バーチェルの北の森の者に対しての態度は、国賓に対する扱いに等しいものと言える

あえて皆の前でそれを示すことで、友好関係を築く狙いもあるのだろう。


「ひ、姫様、その者が、ほんとにあの・・・北の森のあく・・・」


「その呼び名は、北の森の主に失礼でしょう!、皆も今後、心するように」


その言葉に皆従った。


「ところで、私の知識の引き継ぎだけど、受け取りはどうするの?」


なんとも のんきな言い回しでタウに尋ねる


「んーー、どうしましょう、私も初めてで・・・」


「必要なとき、いつでも取りに来ていいわよ、なんだったら さばえに届けさせるから」


「それは助かります、ゆっくり引き継ぐための時間は当分とれそうにないから」


「まだ旅を続けるのね?」


「そのつもりです、人の国にも行く必要がありますから」


ボクはタウが人間の国へ行こうと思っていることを、このとき知った。


「そう、分かったわ、ではそれまで私が守っておくわね、でも必要な知識があるときは言ってね

 私の書庫に役立つ物があれば、さばえに届けさせるから」


「分かりました、ありがとう、そのときはお願いします」


時々は守護者のさばえを使いに出すことで、お互いに連絡を取り合えるようにすると、

北の森の主は、そう言って帰っていった。


「ねえマクス、そういえばハスが見えないようだけど」


オペラクラリスが周りを見渡して言った。


「ああ、あいつさ、バーチェルと別れるのが寂しくて、すねてんだよ」


建国にたずさわる者として、そして何より女王として、

今この国を離れることはできない。

ハスが旅を続けるなら一緒に行くことはできないのだ。

国の中枢、首都にあたる場所は、北の森そして西の大国との位置関係でこの町になるだろう。

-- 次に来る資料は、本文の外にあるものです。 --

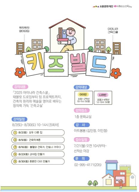9월 3일부터는 도봉아이나라도서관 2층 로비에서 결과물을 전시하는 ‘키즈빌드, 꿈을 짓다’ 전시회가 예정돼 있다.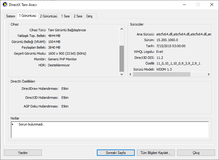 Ama DxDiag ekranında M.2000 ekran kartım 1 GB olduğu halde 5 GB gözüküyor ama oyunlarda Max 1 GB kullanıyor.

当然、女王であるバーチェルもこの町に住むことになる。

それはバーチェルも分かっている。

自分の旅はここで終わりだと、

それでも、ハスのことが気にかかっていた、

そのハスが自分との別れを寂しがり、すねていると、

思いがけず皆の前で言われてバーチェルは顔を赤くした。



それから 1か月後

建国宣言とともに、この地に新たな国が誕生した。


国の名は「グラスランド」 初代女王はバーチェルだ。

就任式も盛大に執り行われた


生まれたばかりのこの国が、これからどう成長し、何処へ向かって行くのか、

すべてはこれからだ、

この国の憲法の条文の一つに

ーーー時の女王の権限によってのみ王制の廃止を認めるーーー

とのものがある、

いつかきっと、バーチェルに連なる者の手によって

それは成され、グンタイアリの歴史に終止符が打たれるだろう。


そのときこの国は君主制を捨て、共和国への道を歩み出すのかもしれない。


いずれにしろ、困難を極めるだろう未来への道の、その果てに、

幸あらんことを祈るばかりだ。







  




ここまでお読みいただきありがとうございます。


これにて、第一部 終了とさせていただきます。